## RECORDS SUPPLIED:
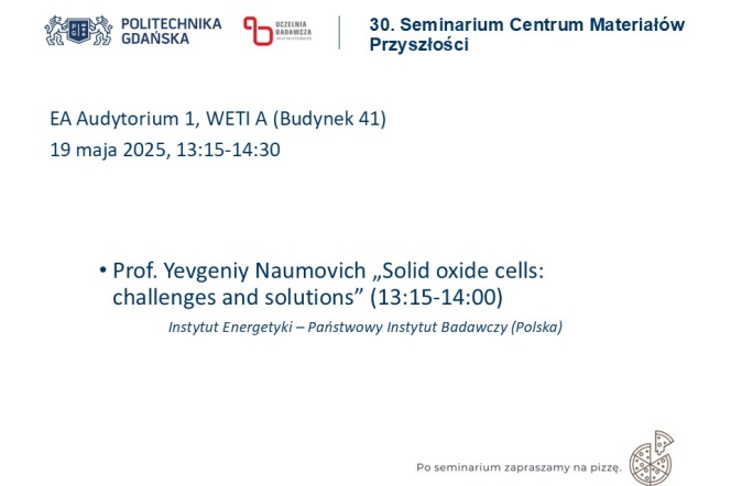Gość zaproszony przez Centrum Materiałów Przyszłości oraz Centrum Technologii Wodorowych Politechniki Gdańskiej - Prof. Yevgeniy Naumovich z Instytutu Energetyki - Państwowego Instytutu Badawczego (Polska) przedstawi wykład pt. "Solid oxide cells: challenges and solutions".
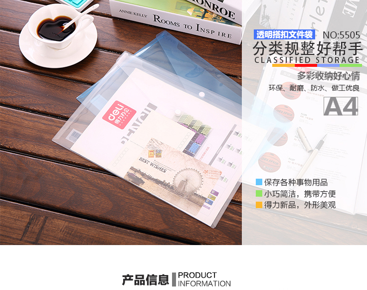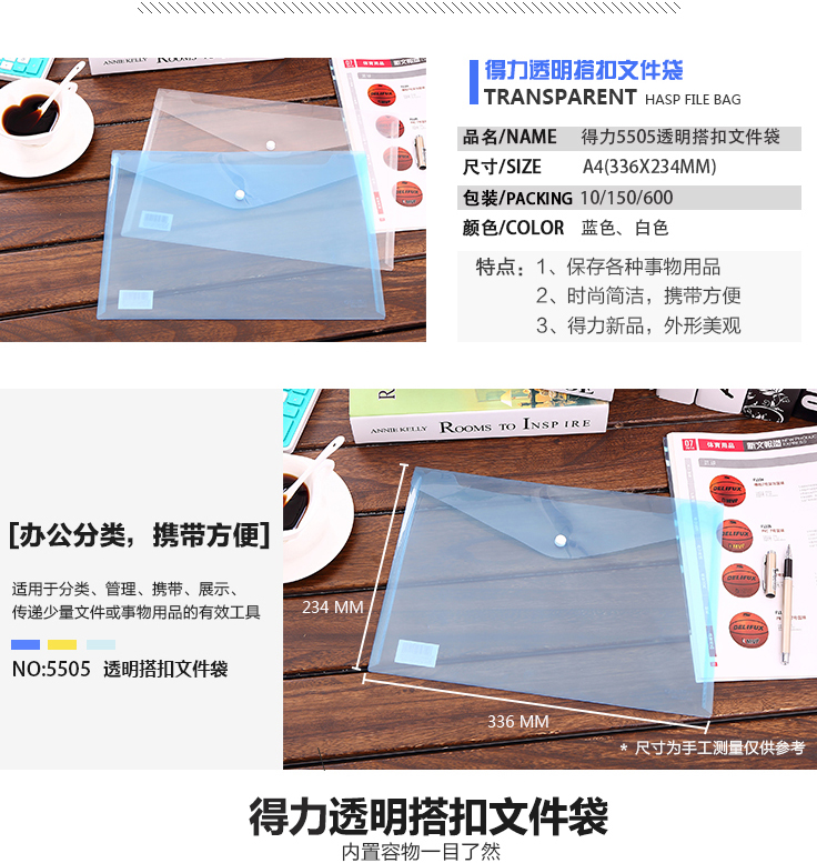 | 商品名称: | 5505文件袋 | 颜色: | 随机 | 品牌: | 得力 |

* * *

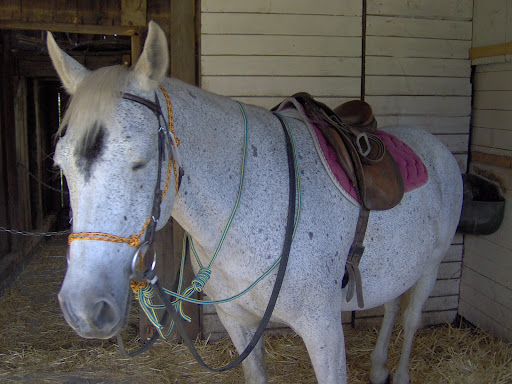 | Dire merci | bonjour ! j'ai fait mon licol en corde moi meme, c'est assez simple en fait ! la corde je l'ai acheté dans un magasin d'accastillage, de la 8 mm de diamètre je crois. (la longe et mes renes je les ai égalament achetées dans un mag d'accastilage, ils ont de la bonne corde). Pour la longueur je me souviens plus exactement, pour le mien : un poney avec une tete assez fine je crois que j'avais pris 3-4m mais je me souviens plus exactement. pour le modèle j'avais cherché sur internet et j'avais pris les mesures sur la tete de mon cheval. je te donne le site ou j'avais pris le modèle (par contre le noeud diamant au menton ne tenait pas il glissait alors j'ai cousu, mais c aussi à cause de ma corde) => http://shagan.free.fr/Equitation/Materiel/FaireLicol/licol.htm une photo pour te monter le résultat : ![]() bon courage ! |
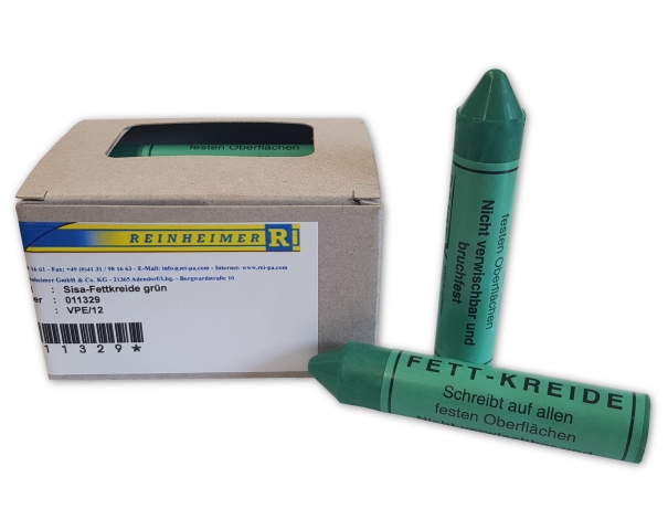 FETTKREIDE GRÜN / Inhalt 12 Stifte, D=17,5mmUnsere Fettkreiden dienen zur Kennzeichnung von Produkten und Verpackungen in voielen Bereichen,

* * *

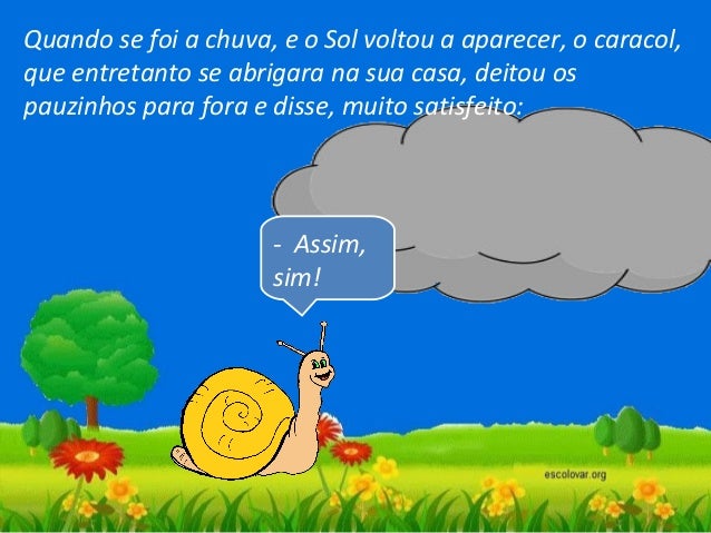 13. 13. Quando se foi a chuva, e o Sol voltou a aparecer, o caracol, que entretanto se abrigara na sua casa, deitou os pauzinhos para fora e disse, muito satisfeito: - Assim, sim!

## WHAT IS REQUIRED:
Of the records above, print only the lines from the one containing "Gość zaproszony przez" through the one containing "随机 | 品牌: | 得力 |", inclusive and unaltered, leaving out pictures.

## OUTPUT:
Gość zaproszony przez Centrum Materiałów Przyszłości oraz Centrum Technologii Wodorowych Politechniki Gdańskiej - Prof. Yevgeniy Naumovich z Instytutu Energetyki - Państwowego Instytutu Badawczego (Polska) przedstawi wykład pt. "Solid oxide cells: challenges and solutions".
 | 商品名称: | 5505文件袋 | 颜色: | 随机 | 品牌: | 得力 |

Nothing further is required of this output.